衛生管理者 労働生理 問75:代謝
糖新生と飢餓時の代謝変化に関する次の記述のうち、**誤っているもの**はどれか。
- ア糖新生(gluconeogenesis)とは、グルコース以外の物質(アミノ酸・乳酸・グリセロール・ピルビン酸など)からグルコースを新たに合成する代謝経路であり、主に肝臓(一部は腎臓の皮質)で行われる。
- イ糖新生の主要な原料としては、筋肉タンパク質から産生されるアミノ酸(特にアラニン・グルタミン)、嫌気性解糖で生じた乳酸(コリ回路)、脂肪組織での中性脂肪分解で生じたグリセロールなどが挙げられる。
- ウインスリンは糖新生を抑制し、グルカゴンおよびコルチゾールは糖新生を促進する。このため絶食・低血糖状態ではグルカゴン分泌が増加して肝臓での糖新生が亢進し、血糖が維持される。
- エ長時間絶食(24〜72時間以上)では、脂肪組織でのリポリシス(脂肪分解)が亢進してケトン体(アセト酢酸・β-ヒドロキシ酪酸)が肝臓で産生増加する。

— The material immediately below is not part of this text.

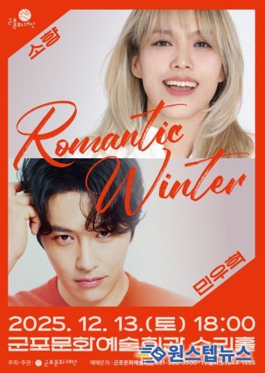 원스텝뉴스 천규영 기자 | 군포문화재단은 오는 12월 13일 오후 6시, 군포문화예술회관 수리홀에서 연말 기획공연 “소향×민우혁 콘서트 'Romantic Winter'”를 개최한다.

ケトン体は脳のエネルギー源として利用できないため、絶食が長期化すると筋肉タンパク質の分解(糖新生)だけが脳のエネルギーを供給する。正答
- オ空腹時血糖値(8時間以上絶食後)は正常では70〜99 mg/dLの範囲に維持されており、これは肝臓でのグリコーゲン分解と糖新生、そして骨格筋・脂肪組織でのグルコース取り込み抑制(インスリン分泌低下)の協調によって保たれる。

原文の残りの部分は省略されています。